1. The SRB protein staining method is used for determining the inhibition effect of the compound on human lung cancer cells A-549:
SRB is a protein-binding dye that binds to basic amino acids in biological macromolecules, and its Optical Density (OD) reading at 515nm is well linear with cell number and can be used as a quantification of cell number.
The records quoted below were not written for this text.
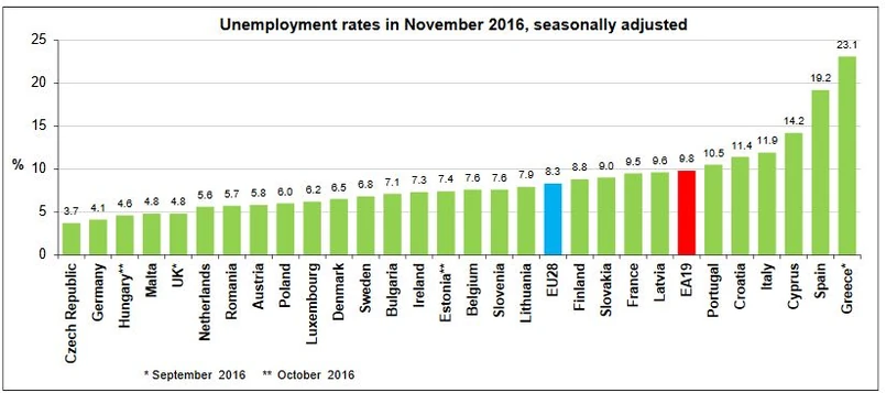 W całej Unii Europejskiej (UE) wskaźnik ten wyniósł 8,3% w listopadzie wobec 8,4% w październiku 2016 r. i wobec 9% rok wcześniej.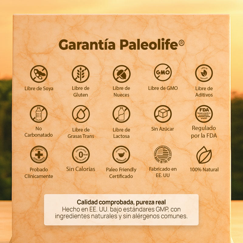 ✔️ Garantía de calidad Paleolife. Elaborado en instalaciones certificadas GMP. Fórmulas revisadas por profesionales de la salud. Cada lote cumple con estrictos controles de pureza y concentración.
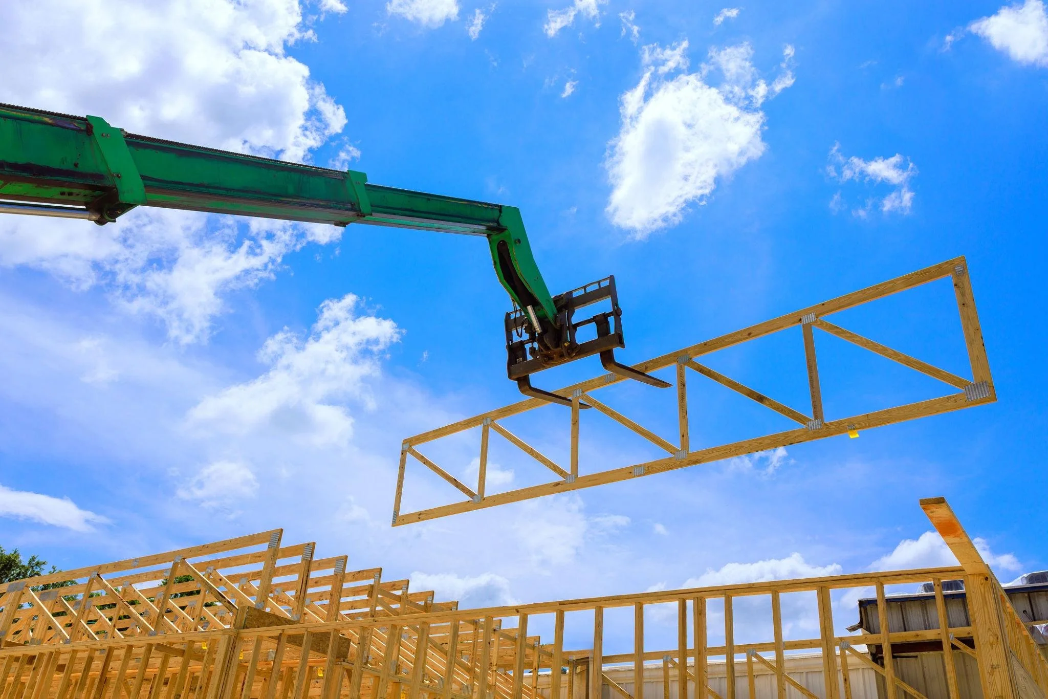 A boom truck equipped with a rotating knuckle crane and pallet forks for lifting and precise placement of construction materials.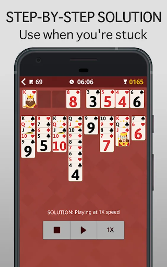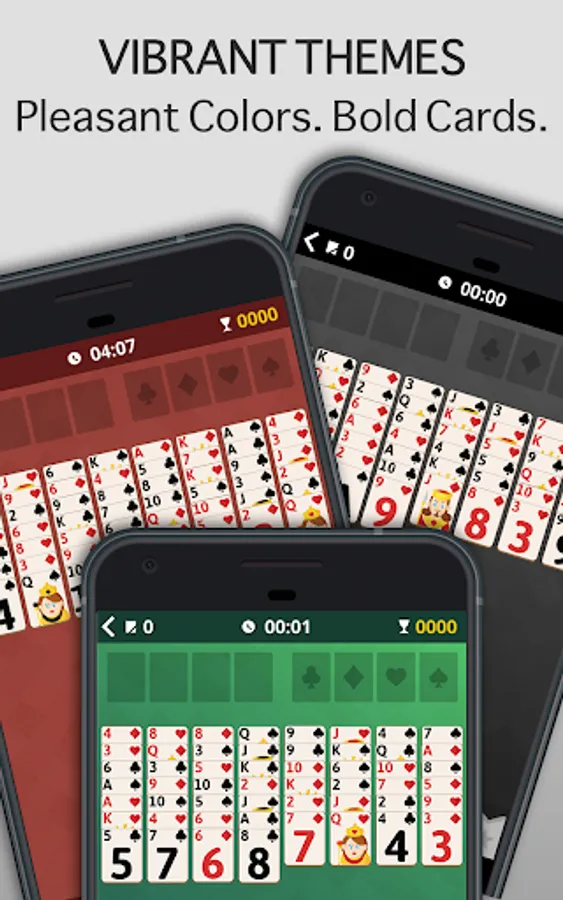 FreeCell Solitaire by BlackLight is true to the classic experience. The game is optimised for mobile with big and bold eye-friendly cards. FreeCell is available in multiple languages. The game offers an option to “Bookmark” a deal, which you can either play later or share with friends. “View Solution” feature gives you step-by-step solution of the deal.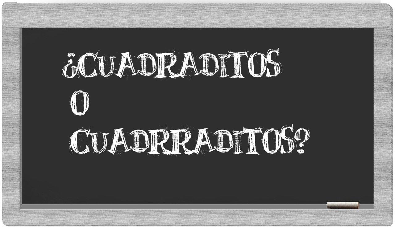 En la particular situación que se presenta entre los términos cuadraditos y cuadrraditos, es crucial que no titubees, puesto que únicamente cuadraditos se encuentra correctamente redactada. Por otro lado, cuadrraditos no se encuentra en el repertorio del Diccionario de la Real Academia Española.

1.1 test materials and instruments
Human lung cancer cell A-549 (China center for type culture Collection preservation number GDC063)
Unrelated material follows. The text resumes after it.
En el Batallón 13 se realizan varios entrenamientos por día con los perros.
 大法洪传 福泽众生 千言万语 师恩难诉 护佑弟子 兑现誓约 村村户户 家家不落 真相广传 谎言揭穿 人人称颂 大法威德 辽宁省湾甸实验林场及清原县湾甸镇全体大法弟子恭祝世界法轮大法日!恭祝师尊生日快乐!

RPMI-1640 medium (Gibco Co.) containing 10% calf serum
SRB liquid (sigma company)
Tunable wavelength microplate reader (VERSAmaxTM, Molecular Device Corporation, SunnyvaleCA, USA)
Test compounds: 6-methoxy methyl neogambogic acid, ethyl 6-ethoxy neogambogic acid, 6-acetyl neogambogic acid, neogambogic acid piperidine, neogambogic acid diethylamide, neogambogic acid morpholine, 12-hydroxy neogambogic acid
Diluting the compound to be tested and the positive control neogambogic acid with dimethyl sulfoxide, wherein the concentration gradient is 10-4M、10-5M、10-6M、10-7M、10-8M
1.2 test methods
Human lung cancer cell A-549 is cultured with RPMI-1640 containing 10% calf serum, and during measurement, the cells in logarithmic growth phase are prepared into cell suspension and inoculated onto 96-well culture plate. Adding 10 μ l of test compound with different concentrations into each well of the experimental group, adding equal volume of solvent with highest concentration (i.e. 10) into the blank control group-4M dimethylsulfoxide) was cultured at 37 ℃ for 72 hours in 5% carbon dioxide, and then fixed with trichloroacetic acid, 100 μ l of SRB solution was added to each well, and unbound SRB was washed off, and the OD at 515nm was measured by an automated spectrophotometric plate reader. And (4) taking the tumor cell group without the medicine as a blank control, and calculating the growth inhibition rate of the medicine on the tumor cells.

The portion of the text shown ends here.